TASK → Print the records below exactly, and do not carry over any picture.

DATASET RECORDS →
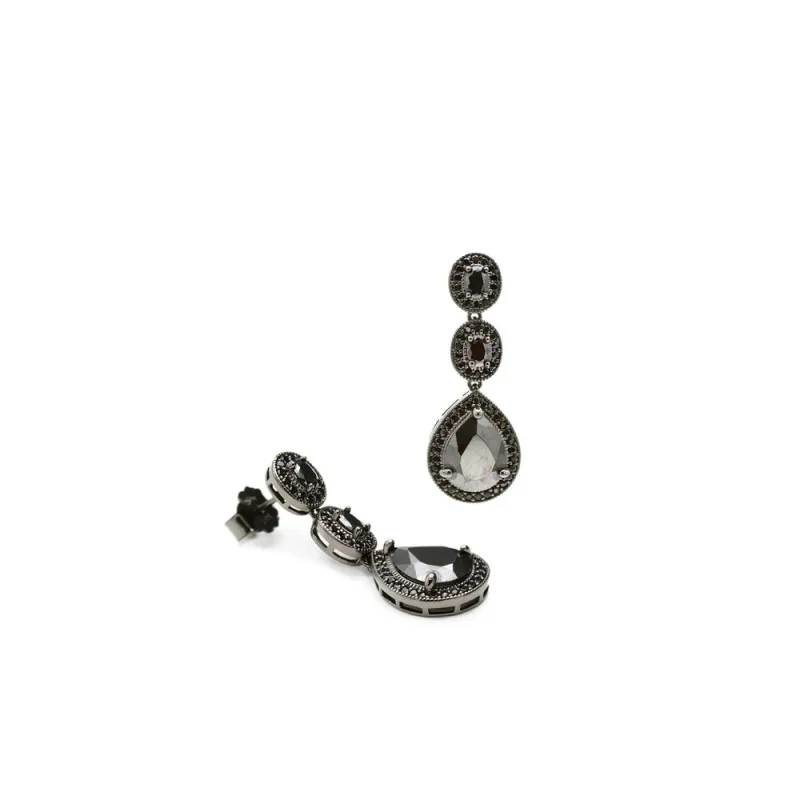 Trzyelementowe kolczyki o zmysłowej linii, wykonane ze srebra pokrytego czarnym rodem. Każdy segment lśni czarnymi cyrkoniami, a całość zwieńczona jest cyrkonią w kształcie kropli – niczym kropla nocnego światła. Ich forma łączy nowoczesną elegancję z hiszpańskim temperamentem, tworząc biżuterię pełną blasku, tajemnicy i wyrafinowanego magnetyzmu. Idealne do wieczorowych stylizacji, ale także jako odważny akcent w codziennym wydaniu.
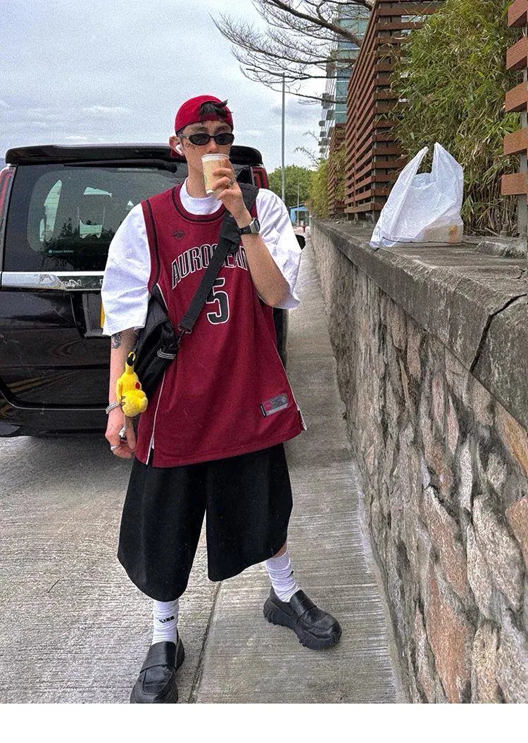AUROCEAN 雙口袋 做舊破壞 廓形工裝 七分褲(銀灰色)
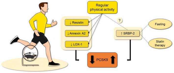 The amount of physical activity (PA) people practice everyday has been reducing in the last decades. Sedentary subjects tend to have an impaired lipid plasma profile with a higher risk of atherosclerosis and related cardio- and cerebrovascular events. Regular PA helps in both primary and secondary cardiovascular prevention because of its beneficial effect on the whole metabolism. Several studies reported lower levels of plasma lipids in trained subjects, but the precise mechanisms by which PA modulates lipoproteins remain only partially described. Thereupon, proprotein convertase subtilisin/kexin type 9 (PCSK9) is a serin protease whose main function is to reduce the amount of low-density lipoprotein cholesterol (LDL-C) receptors, with the direct consequence of reducing LDL-C uptake by the liver and increasing its circulating pool. Accordingly, recently developed PCSK9 inhibitors improved cardiovascular prevention and are increasingly used to reach LDL-C goals in patients at high CV risk. Whether PA can modulate the levels of PCSK9 remains partially explored. Recent studies suggest PA as a negative modulator of such a deleterious CV mediator. Yet the level of evidence is limited. The aim of this review is to summarize the recent reports concerning the regulatory role of PA on PCSK9 plasma levels, highlighting the beneficial role of regular exercise on the prevention of atherosclerosis and overall CV health.
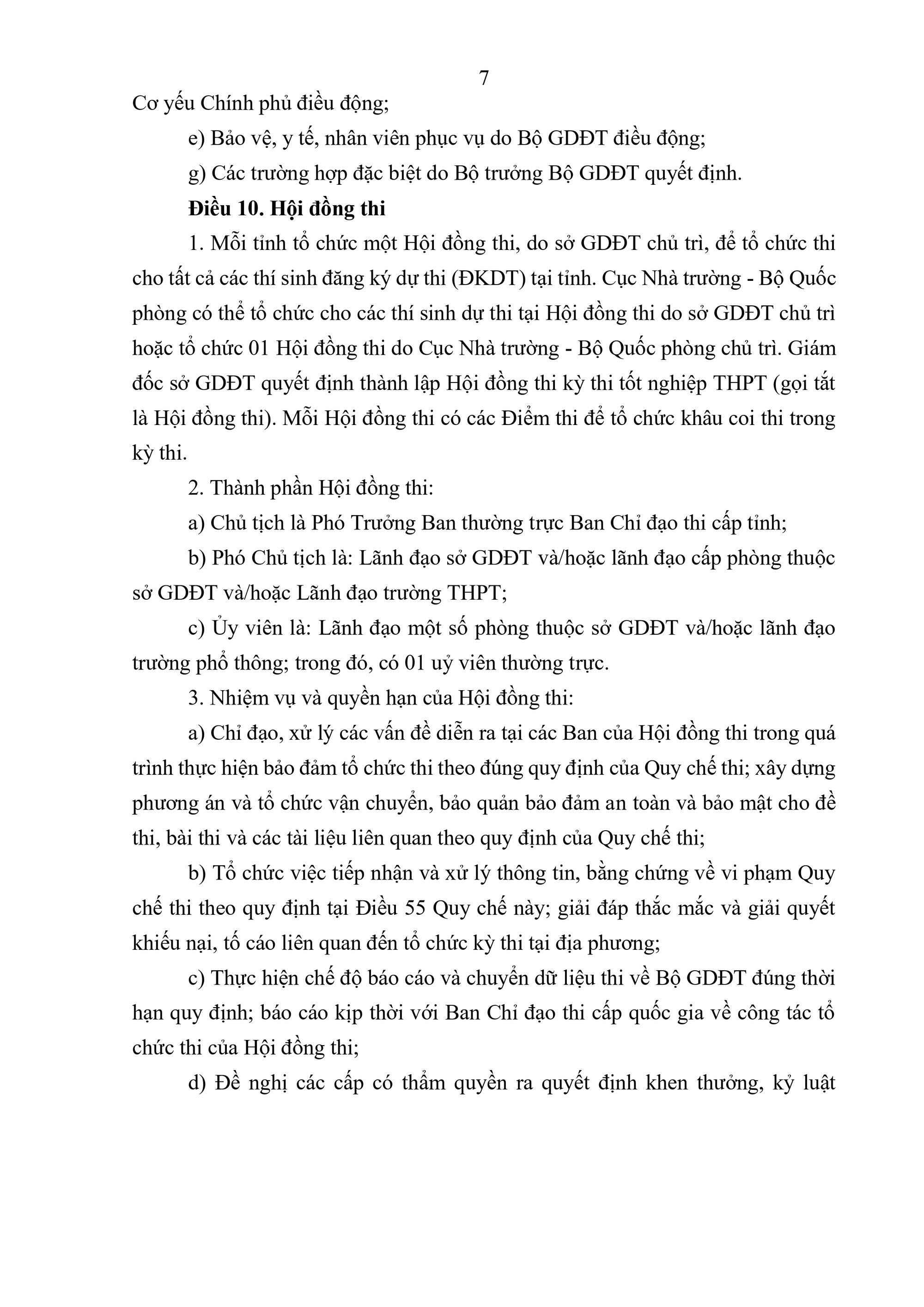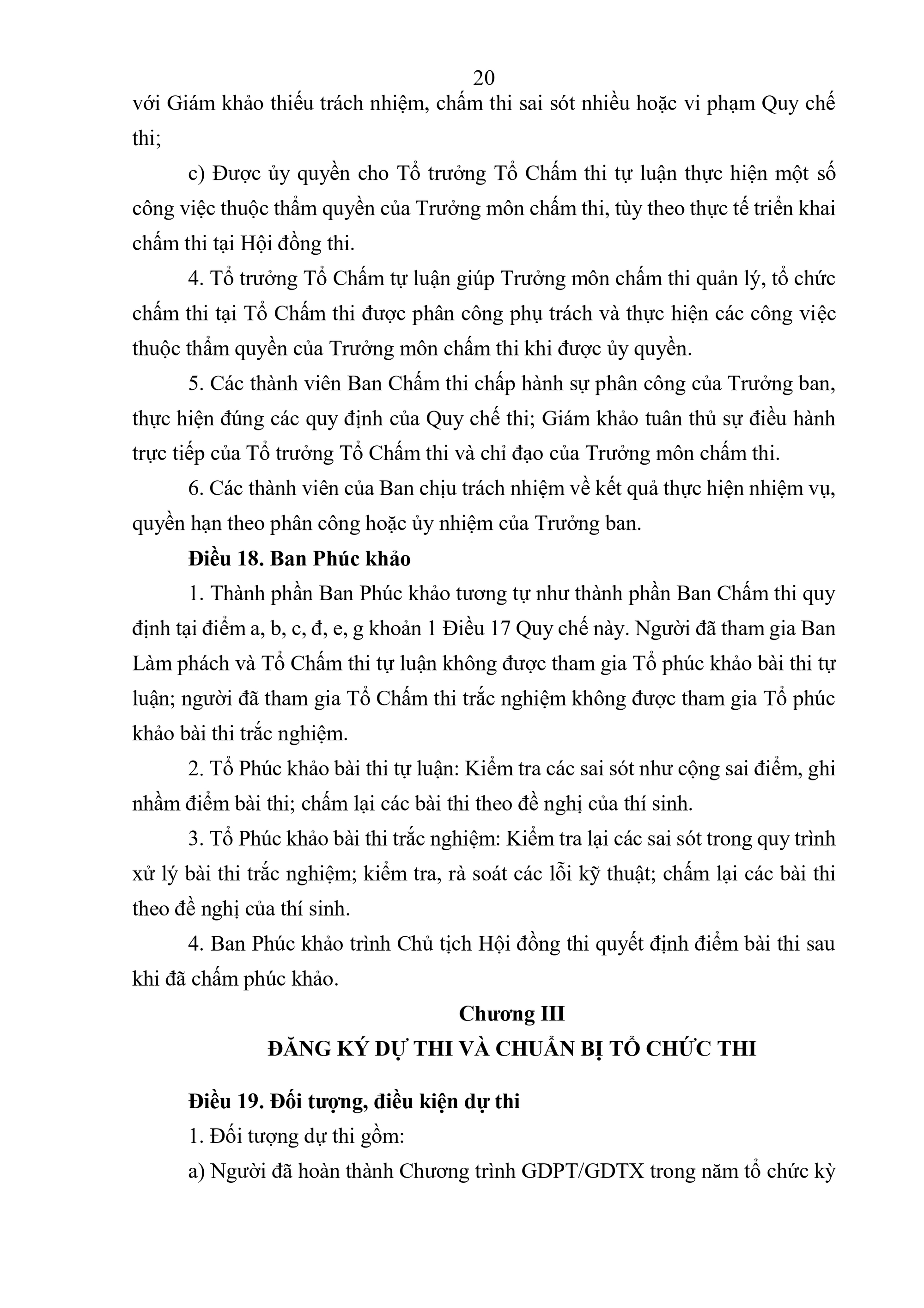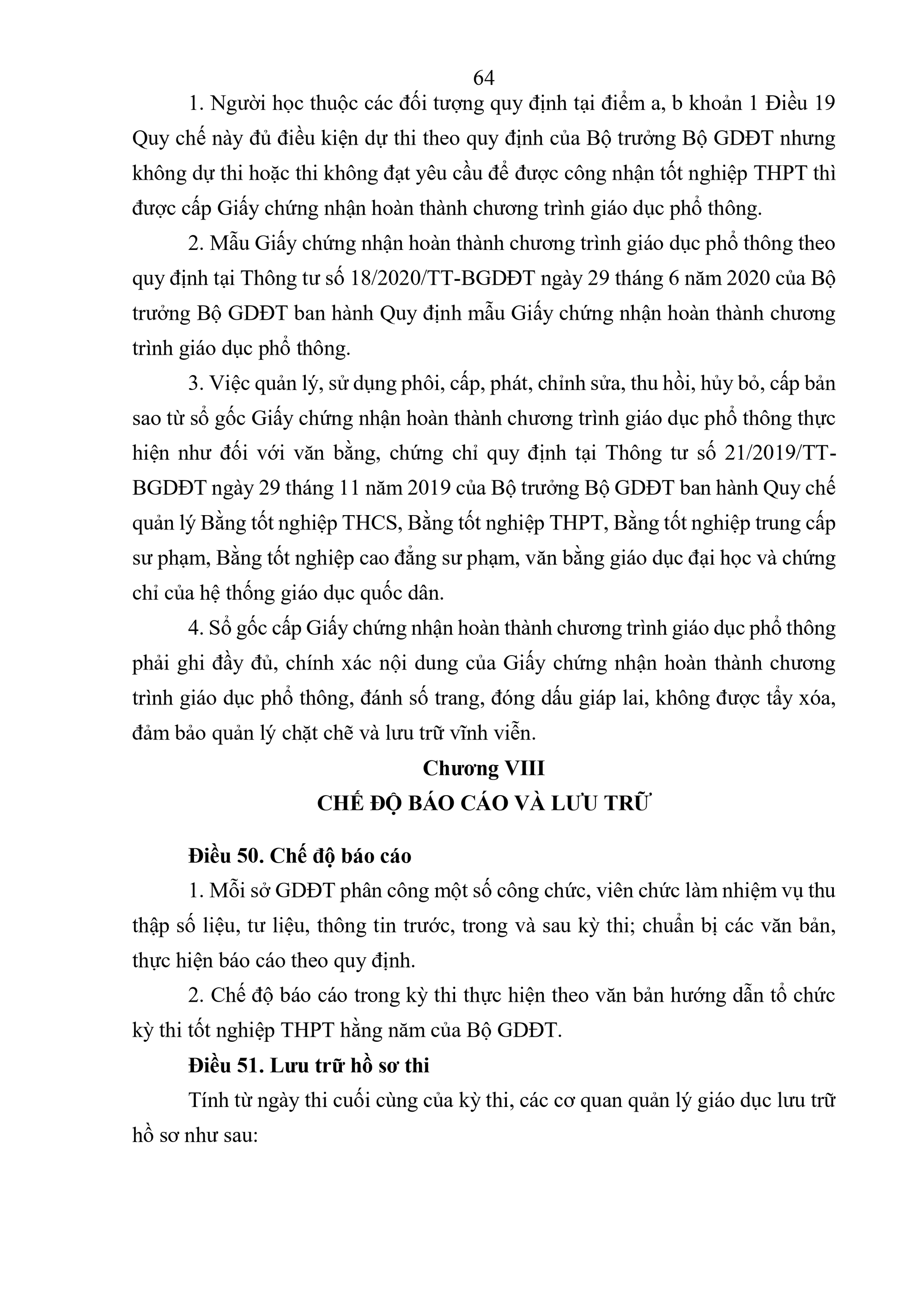 Quy chế Thi tốt nghiệp trung học phổ thông quy định về thi tốt nghiệp trung học phổ thông (sau đây gọi là Quy chế thi) bao gồm: Quy định chung; tổ chức thi và quản lý kỳ thi; đăng ký dự thi và chuẩn bị tổ chức thi; công tác in sao đề thi; coi thi; chấm thi; phúc khảo và chấm thẩm định; xét công nhận tốt nghiệp trung học phổ thông (THPT) và cấp Giấy chứng nhận hoàn thành chương trình giáo dục phổ thông; chế độ báo cáo và lưu trữ; kiểm tra, khen thưởng, xử lý các sự cố bất thường và xử lý vi phạm; tổ chức thực hiện.
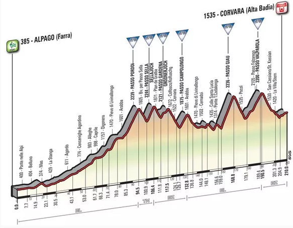 Первый из трех этапов, которые получили пять звезд. Если только позволит погода, нас ждет зрелище для самых стойких. В программе двухтысячныки Passo Pordoi (9,3 км протяжённости, 7,8% средний градиент, 9% максимальный градиент), Passo Sella / Sellajoch (5,5 км, 8%, 12%), Passo Gardena (5,8 км, 4,4%, 9%), Passo Giau (9,8 км, 9,4%, 14%) и Passo Valparola (11,5 км, 5,8%, 14%).
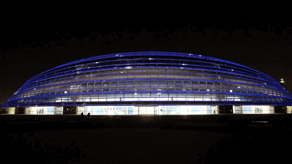 国家速滑馆玻璃幕墙外有22条高低盘旋、似环绕飘舞的“冰丝带”,内部集成的夜景照明系统开启后,丝带曼舞、轻盈跃动、异彩纷呈,展现了速度滑冰运动的速度与激情。
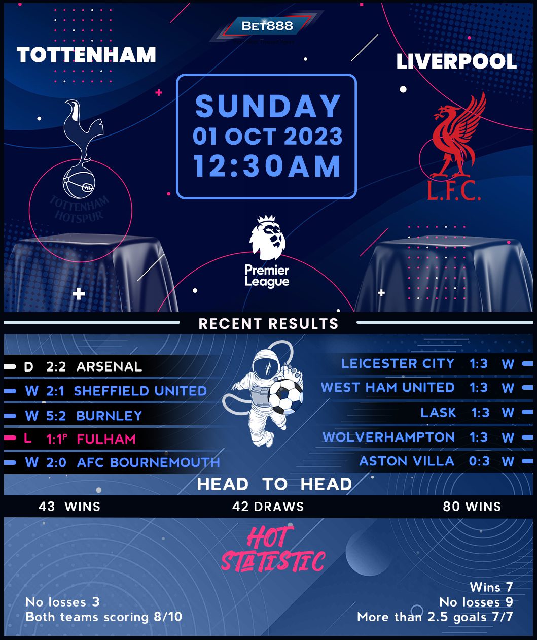 Bowing out of the opening League Cup round at the hands of Fulham gave Tottenham an extra rest period ahead of this blockbuster contest, with ‘Spurs’ battling back twice to hold Arsenal to a dramatic 2-2 draw last weekend. Despite failing to win another North London derby, Ange Postecoglou’s men have at least maintained their 100% unbeaten Premier League start (W4, D2), staying within a four-point distance of pacesetters Manchester City. Avoiding defeat here would see Postecoglou join Antonio Conte as the only Tottenham manager to go unbeaten in his first seven Premier League games in charge. History beckons for the Australian tactician after his side netted multiple goals in each of their six top-flight matches this term. He could become the first-ever ‘Spurs’ boss to see his side score 2+ goals in his first seven Premier League fixtures at the helm.
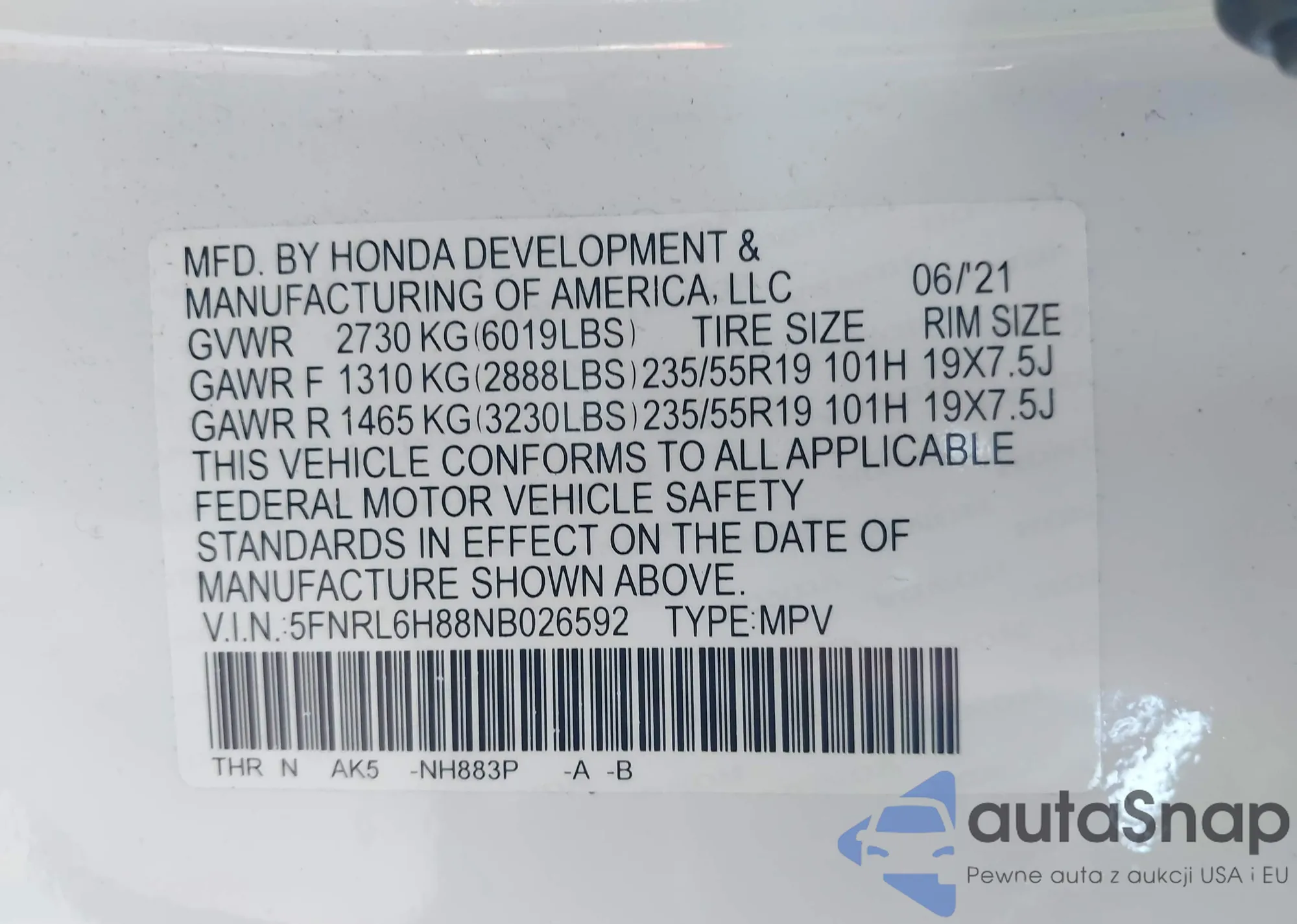 LOT: 42616172 VIN: 1HGCP2F36AA190194

RESPONSE BOX →
 Trzyelementowe kolczyki o zmysłowej linii, wykonane ze srebra pokrytego czarnym rodem. Każdy segment lśni czarnymi cyrkoniami, a całość zwieńczona jest cyrkonią w kształcie kropli – niczym kropla nocnego światła. Ich forma łączy nowoczesną elegancję z hiszpańskim temperamentem, tworząc biżuterię pełną blasku, tajemnicy i wyrafinowanego magnetyzmu. Idealne do wieczorowych stylizacji, ale także jako odważny akcent w codziennym wydaniu.
AUROCEAN 雙口袋 做舊破壞 廓形工裝 七分褲(銀灰色)
 The amount of physical activity (PA) people practice everyday has been reducing in the last decades. Sedentary subjects tend to have an impaired lipid plasma profile with a higher risk of atherosclerosis and related cardio- and cerebrovascular events. Regular PA helps in both primary and secondary cardiovascular prevention because of its beneficial effect on the whole metabolism. Several studies reported lower levels of plasma lipids in trained subjects, but the precise mechanisms by which PA modulates lipoproteins remain only partially described. Thereupon, proprotein convertase subtilisin/kexin type 9 (PCSK9) is a serin protease whose main function is to reduce the amount of low-density lipoprotein cholesterol (LDL-C) receptors, with the direct consequence of reducing LDL-C uptake by the liver and increasing its circulating pool. Accordingly, recently developed PCSK9 inhibitors improved cardiovascular prevention and are increasingly used to reach LDL-C goals in patients at high CV risk. Whether PA can modulate the levels of PCSK9 remains partially explored. Recent studies suggest PA as a negative modulator of such a deleterious CV mediator. Yet the level of evidence is limited. The aim of this review is to summarize the recent reports concerning the regulatory role of PA on PCSK9 plasma levels, highlighting the beneficial role of regular exercise on the prevention of atherosclerosis and overall CV health.
 Quy chế Thi tốt nghiệp trung học phổ thông quy định về thi tốt nghiệp trung học phổ thông (sau đây gọi là Quy chế thi) bao gồm: Quy định chung; tổ chức thi và quản lý kỳ thi; đăng ký dự thi và chuẩn bị tổ chức thi; công tác in sao đề thi; coi thi; chấm thi; phúc khảo và chấm thẩm định; xét công nhận tốt nghiệp trung học phổ thông (THPT) và cấp Giấy chứng nhận hoàn thành chương trình giáo dục phổ thông; chế độ báo cáo và lưu trữ; kiểm tra, khen thưởng, xử lý các sự cố bất thường và xử lý vi phạm; tổ chức thực hiện.
 Первый из трех этапов, которые получили пять звезд. Если только позволит погода, нас ждет зрелище для самых стойких. В программе двухтысячныки Passo Pordoi (9,3 км протяжённости, 7,8% средний градиент, 9% максимальный градиент), Passo Sella / Sellajoch (5,5 км, 8%, 12%), Passo Gardena (5,8 км, 4,4%, 9%), Passo Giau (9,8 км, 9,4%, 14%) и Passo Valparola (11,5 км, 5,8%, 14%).
 国家速滑馆玻璃幕墙外有22条高低盘旋、似环绕飘舞的“冰丝带”,内部集成的夜景照明系统开启后,丝带曼舞、轻盈跃动、异彩纷呈,展现了速度滑冰运动的速度与激情。
 Bowing out of the opening League Cup round at the hands of Fulham gave Tottenham an extra rest period ahead of this blockbuster contest, with ‘Spurs’ battling back twice to hold Arsenal to a dramatic 2-2 draw last weekend. Despite failing to win another North London derby, Ange Postecoglou’s men have at least maintained their 100% unbeaten Premier League start (W4, D2), staying within a four-point distance of pacesetters Manchester City. Avoiding defeat here would see Postecoglou join Antonio Conte as the only Tottenham manager to go unbeaten in his first seven Premier League games in charge. History beckons for the Australian tactician after his side netted multiple goals in each of their six top-flight matches this term. He could become the first-ever ‘Spurs’ boss to see his side score 2+ goals in his first seven Premier League fixtures at the helm.
 LOT: 42616172 VIN: 1HGCP2F36AA190194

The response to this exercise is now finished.